Peppers did really well this year so I figured I'd try drying some.

First load of jalapenos in the smoker


After 5 hours at 200 degrees

I think I was alittle too heavy on the smoke, but still taste pretty good.
Next load, I think I'll smoke for two hour then toss in the dehydrator.

Thought I'd slice some cherry peppers in half and throw em in the dehydrator at 135 degrees


These took 24 hours!


And finally, strung up some cheyennes

acouple of small japs there too



Hopefully more will start ripening faster....got lotsa green ones yet!


----------



## muscleoverimport69 (Sep 16, 2008)

Those look very good. I am a big fan of the local jalepenos around here(N, Florida) Ill stuff em with cream cheese and shredded cheese and wrap in bacon and bake. I wanna try em in the smoker. Keep up the good work


----------



## chef_boy812 (Sep 16, 2008)

beautiful!!!!!

about how long would that stash last ya?

I just smoke dried my first batch too and they are gone already, spicy butt
	

	
	
		
		



		
			






Great Job


----------



## grothe (Sep 16, 2008)

Thanks Muscle!!

Chef_boy - I plan on doing more....Got lots!! Thanks!! And to you Sir, Congrats on knighthood!!


----------



## muscleoverimport69 (Sep 16, 2008)

I wasnt even paying attention to the name. Congrats again on your knighthood.


----------



## cowgirl (Sep 16, 2008)

Gene, your peppers look great!


----------



## solar (Sep 16, 2008)

Wow Gene, you have some nice looking heat going on there, are those for your personal use or do you plan on selling/sharing them?  

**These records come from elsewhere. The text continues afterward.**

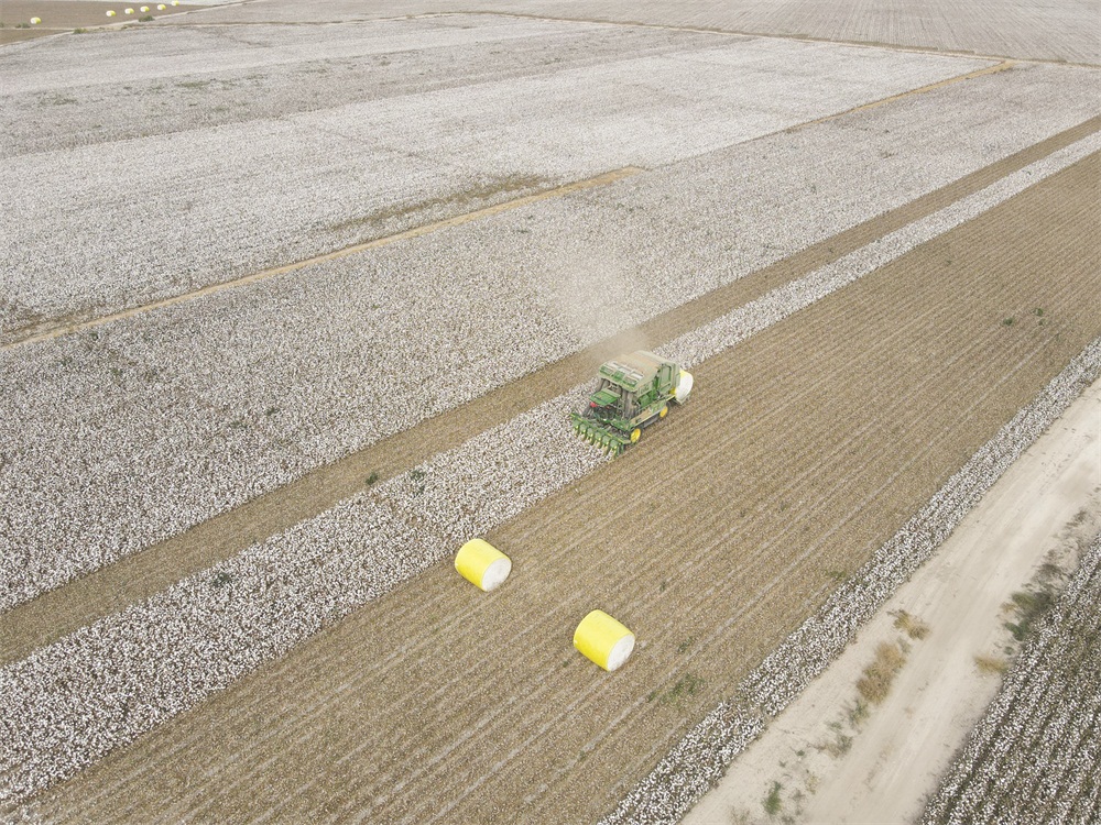□沙湾市大泉乡双泉合作社在机采棉花。本报记者宋建亮摄
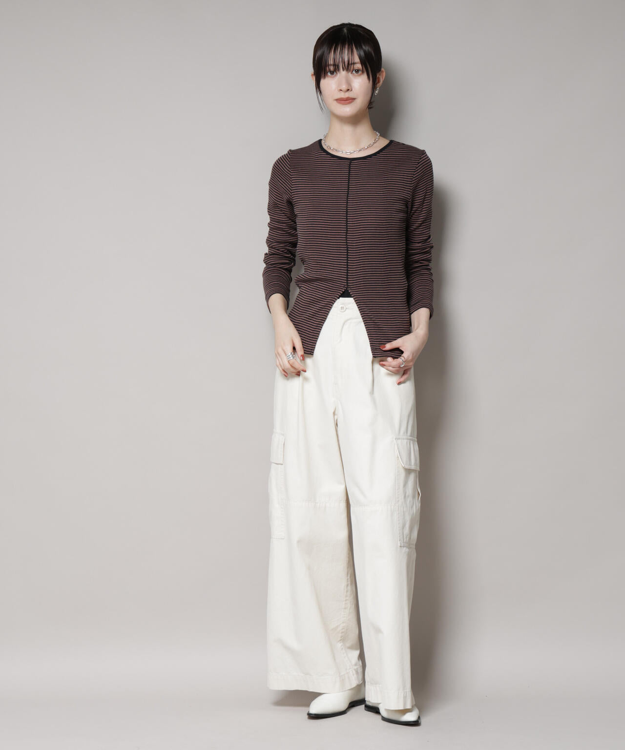 トップスとしての着こなしはもちろん、レイヤードスタイルにも重宝する長袖カットソー
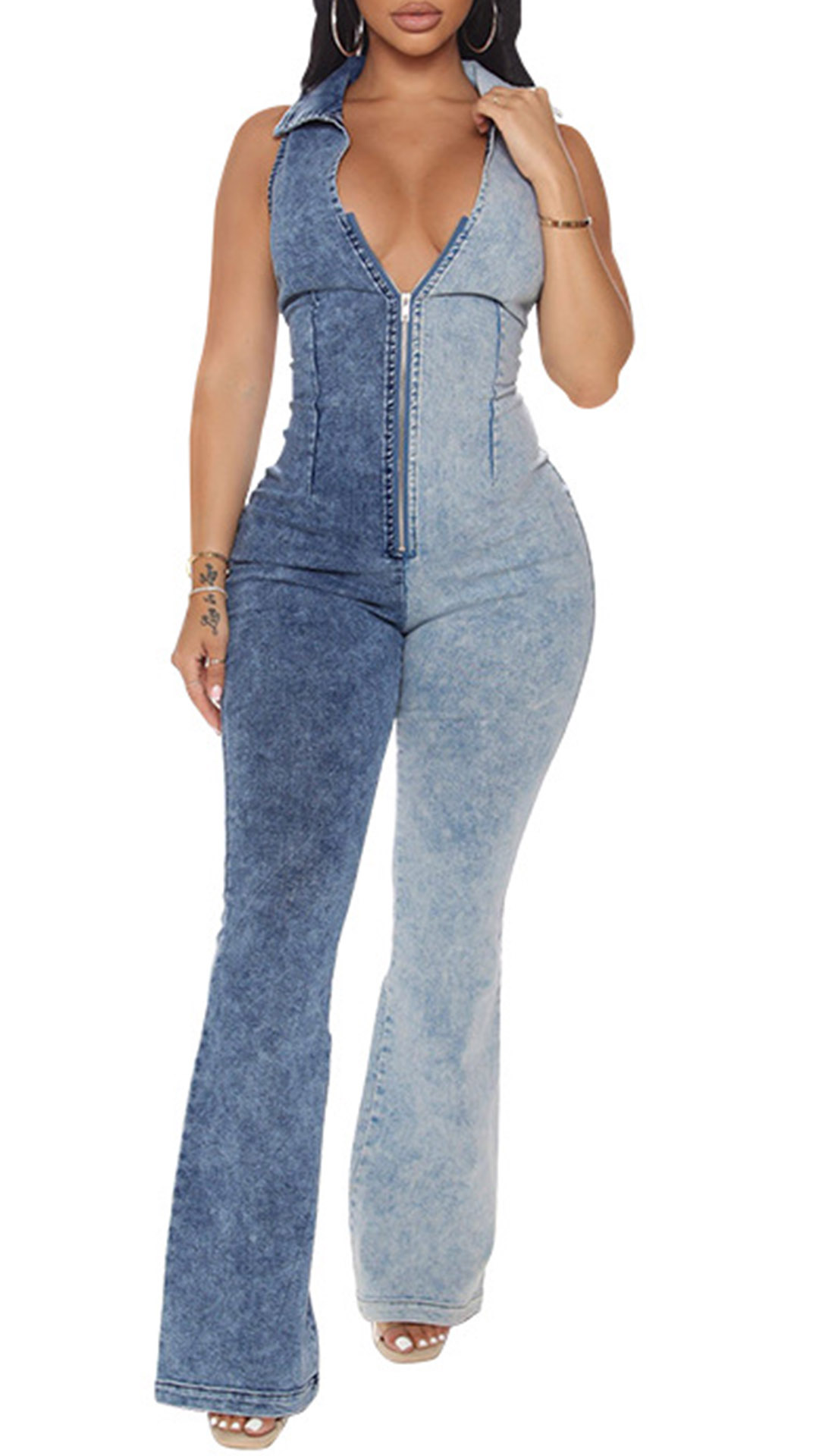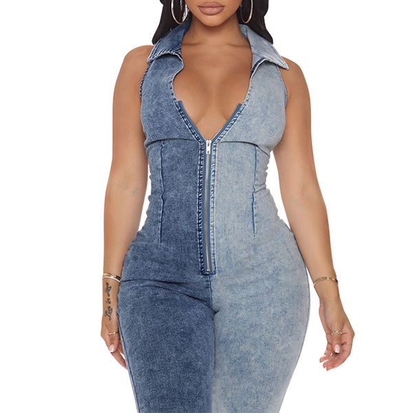 This is a trendy and edgy one-piece denim jumpsuit. It features contrast color detailing, a half-zipper front, stand collar, sleeveless design, and wide-leg silhouette for a stylish streetwear look. Wanna have a try?
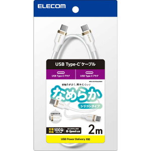 エレコム MPA-CC5PSSA20WH USB-C to C ケーブル 2m PD 100W シリコン素材 絡みにくい スマホ・タブレット等対応 ホワイト 500
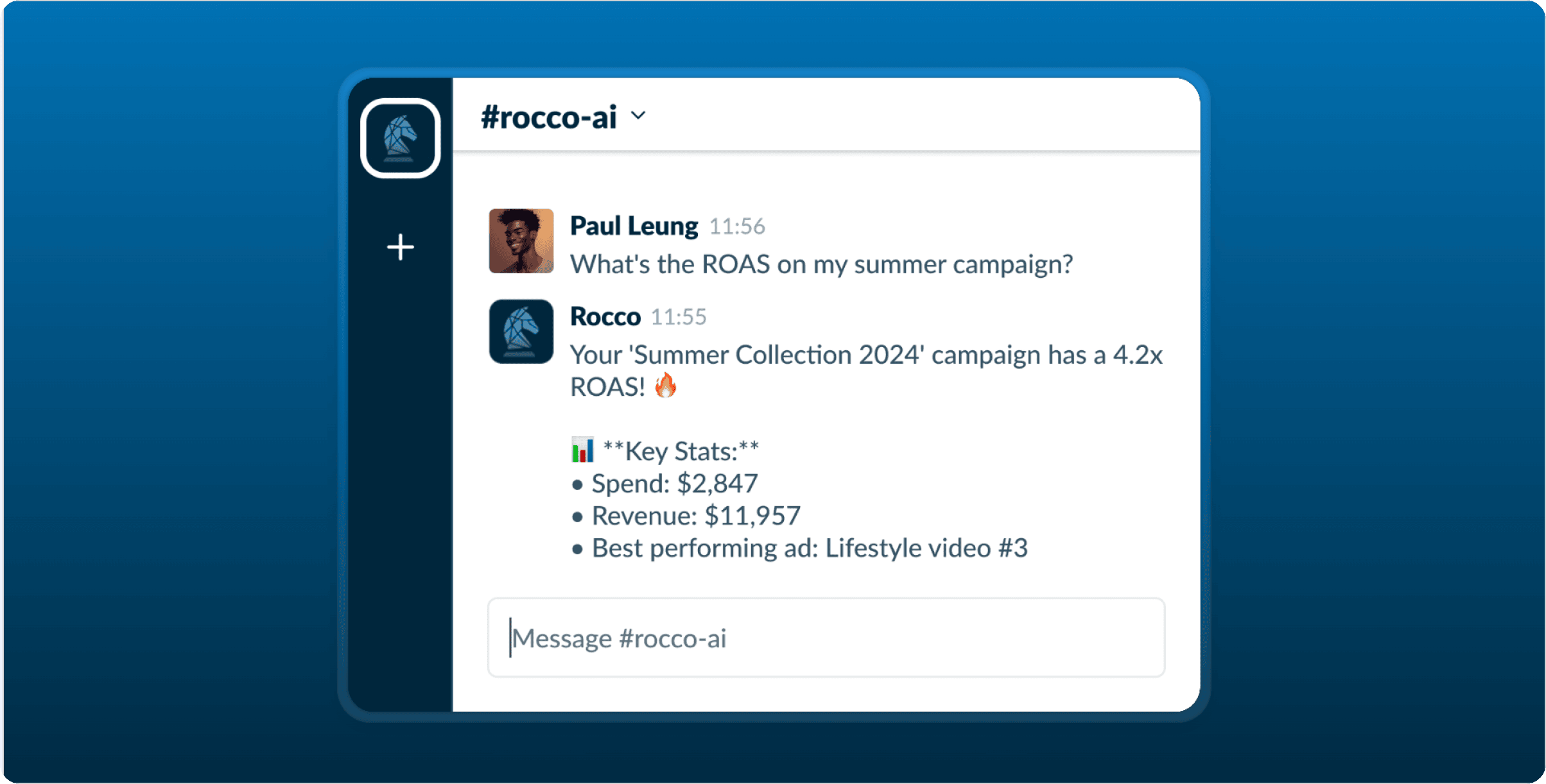Rocco analyzes your ad creatives in real time and shows which ads are driving results, right in Slack. No dashboards, no digging.

*Chef boy*, congrats as well!!


----------



## grothe (Sep 16, 2008)

Thanx Jeanie.....You're TOO kind!!

Solar - Never thought about it. I'll see what I end up with...I'm sure I'll have enough ta share. I'll just have try to stay on top o things LOL


----------



## richtee (Sep 16, 2008)

Cool!  Hey Grow- cut a slit in those japs that are hanging and spread 'em with a toothpick.


----------



## grothe (Sep 16, 2008)

Thanx Rich......Will Do!!


----------



## richoso1 (Sep 16, 2008)

Nice job my friend, thanks for the pics.


----------



## erain (Sep 16, 2008)

nice !! i used to string up jalepenos like you did and they would dryout just great. last time was about 2 years ago and i had such a crop i still usin them!!!! anyone make dill pickles outy there put a couple of dried jalepenos in the jar and they will give the jar some zing!!! great job Gene!!!


----------